# Are Radiata Pine and Tassie Oak safe to use for a chopping board?



## TheWoodfather (Oct 13, 2013)

I'd like to make a couple of End Grain chopping boards, they seem to be a rite of passage for any woodworker.

The only wood really available near me is that from Bunnings / Masters or a couple of smaller yards, the problem is their wood ranges from Radiata Pine to Tassie Oak and back again.

I assume the Oak is fine to use but it is pricey and quite boring to look at.

1. Is the structural Pine sold at these stores safe to use from a poison perspective?
2. Is Pine a bad choice because it is too soft or water absorbent?

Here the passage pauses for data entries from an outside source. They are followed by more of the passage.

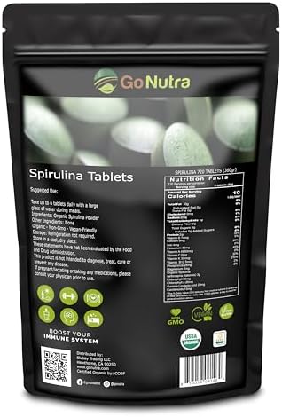 Go Nutra - Spirulina Tablets, Organic Spirulina, Packed with Vitamins, Minerals, Fibers, Amino Acids, and More, All-Natural Spirulina Supplement, Non-GMO, Vegan, 500 mg, 720 Tablets
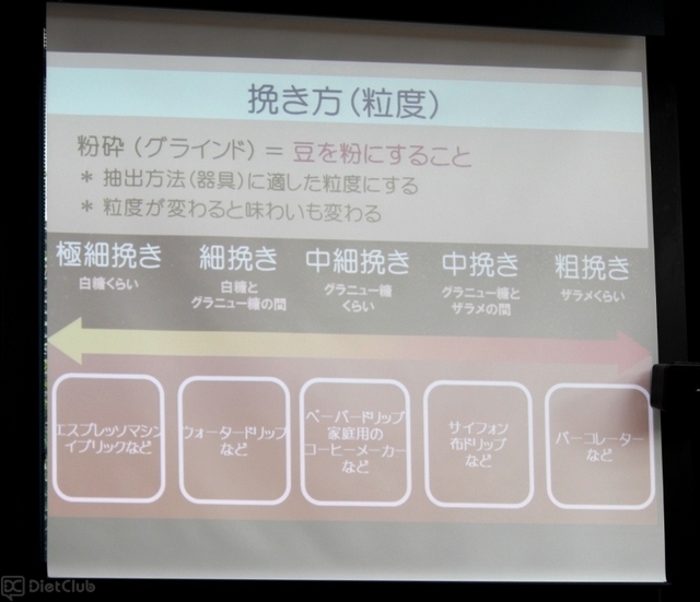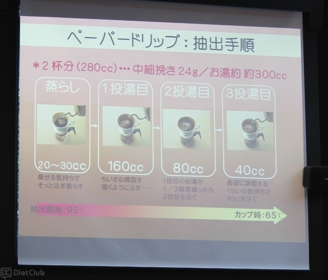 森氏は、イベント会場のレストランに集まった参加者たちを前に、「おいしいコーヒーの基本原則」や「挽き方(粒度)」、「ペーパードリップの方法(蒸らし・抽出手順)」などを丁寧に説明したり、二通りの淹れ方を紹介。参加者たちは、各テーブルに用意されたセット(ブルーマウンテンコーヒーの豆、コーヒーミル、コーヒー専用ポット、サーバー、ドリッパー、ペーパーなど)を使用してハンドドリップに挑戦した。
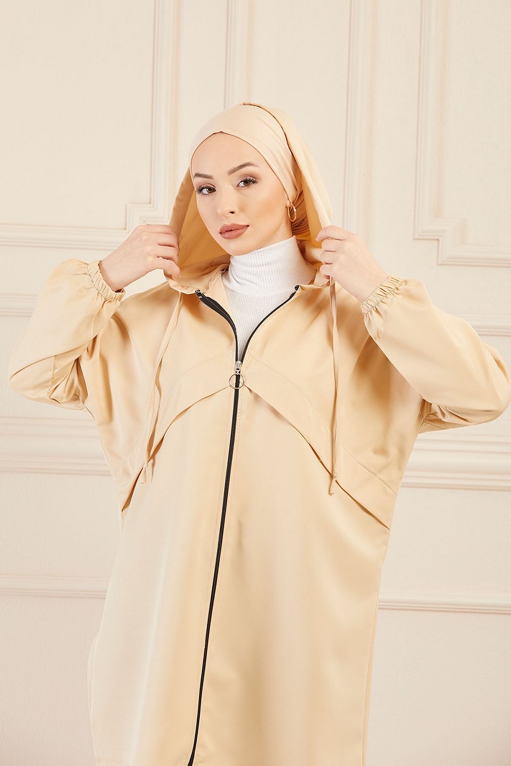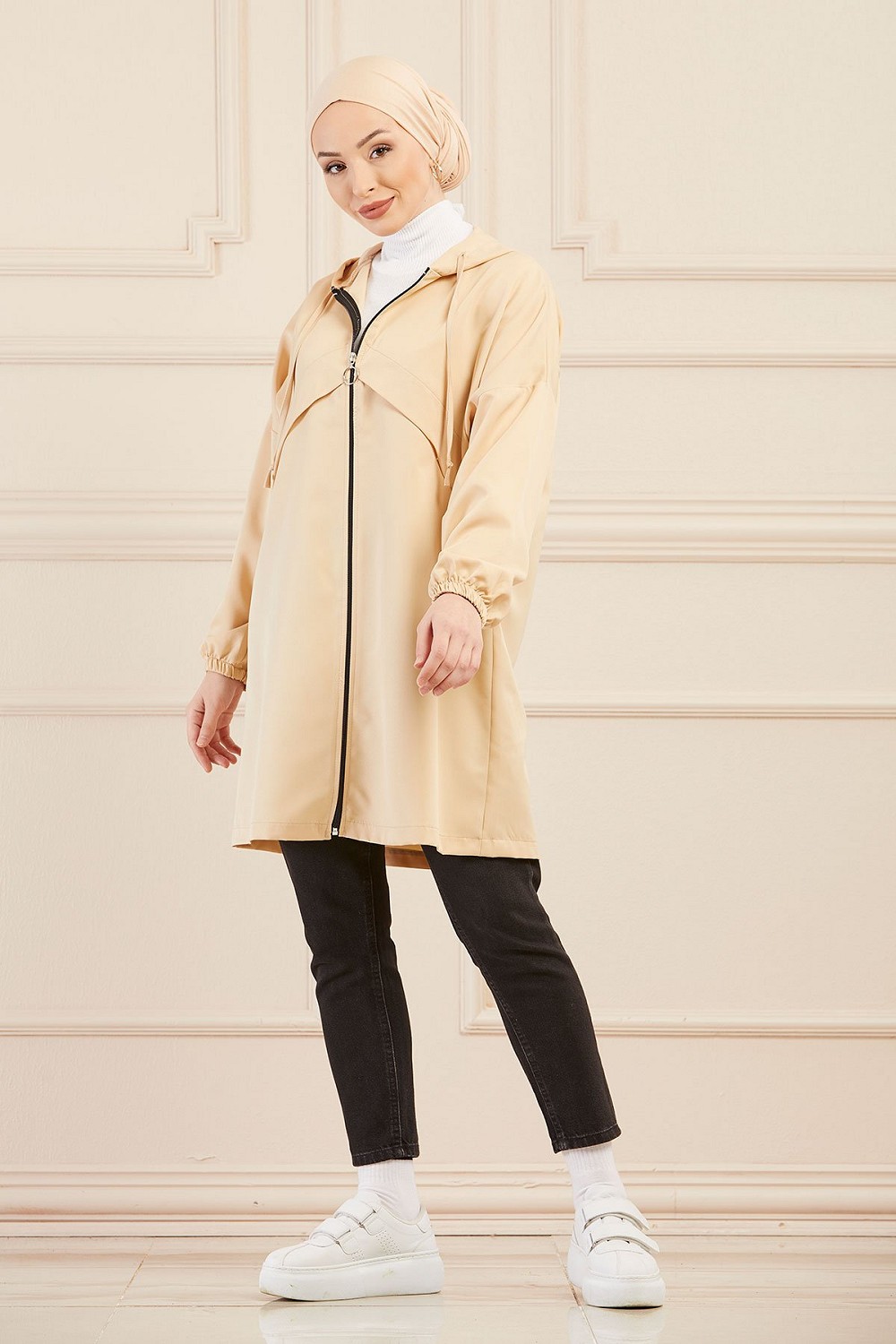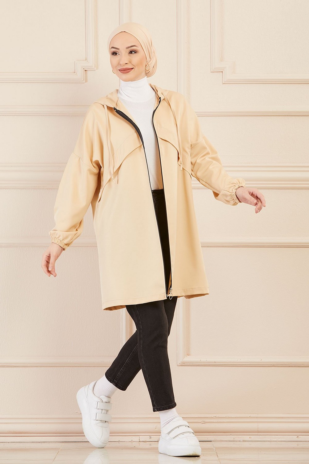 Veste moderne style décontracté avec fermeture zip (Vetement femme voilée) - Couleur beige - REF. 32849 (24.90 €) - En Promotion à 19.00 €
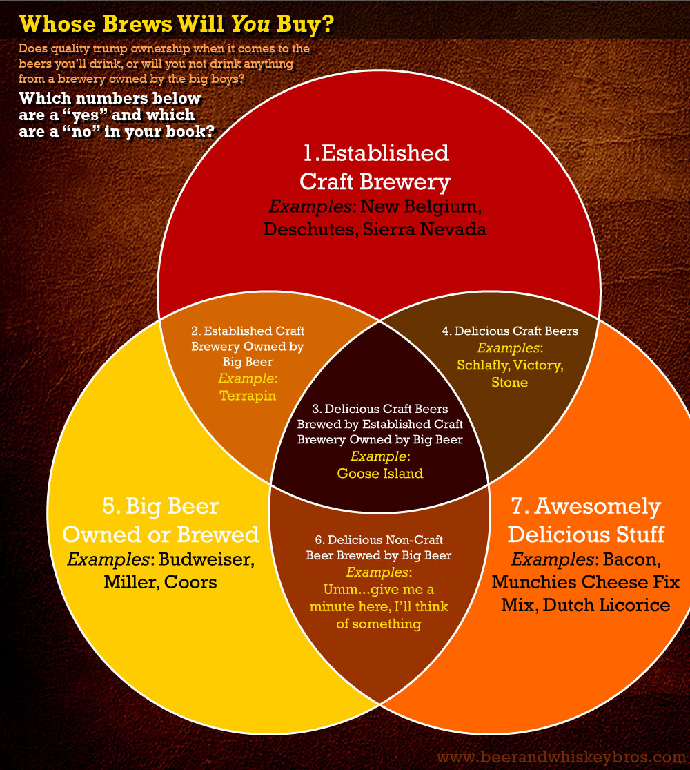 Cheers to sparking thoughtful discussion! I think the labels you’ve chosen, though, are problematic and only add to the confusion. The term ‘Craft Brewery’, though, has a pretty concrete definition (if you look past the ever-expanding barrel limits to keep Boston Beer Co. in the ranks) by the Brewers Association. According to that definition, a craft brewery can’t be owned by Big Beer-because ownership is actually part of the definition. ‘Delicious’ is definitely subjective, but shouldn’t it be a requisite of anything you consume? Even if you limit yourself by ownership, why would you drink anything outside of the ‘Delicious’ circle? Isn’t that the point? I don’t care how big or small a company is or anything else about it, why would I drink the beer if it’s not good?

Anyone made boards from these woods before that can help guide me?
Cheers!


----------



## UncannyValleyWoods (Apr 18, 2013)

I wouldn't for a few reasons,

1. It's porous and absorbent.
2. There's no telling what they sprayed on it.
3. It's just not very pretty.

That's just me though. But you know, you work with what you got.


----------



## TheWoodfather (Oct 13, 2013)

Thanks mate, yep, I may just have to wait to get my hands on proper timber. You're right, probably the safest way to go.


----------



## CharlesA (Jun 24, 2013)

Shipping to Australia might be prohibitive: http://www.bellforestproducts.com/exotic-lumber-projects/cutting-board-package/


----------



## firefighterontheside (Apr 26, 2013)

Just did a search on tassie oak and found that it is eucalyptus. I then did a search on eucalyptus cutting boards and they are available for sale, so it would seem that it would be ok to make cutting boards from it.


----------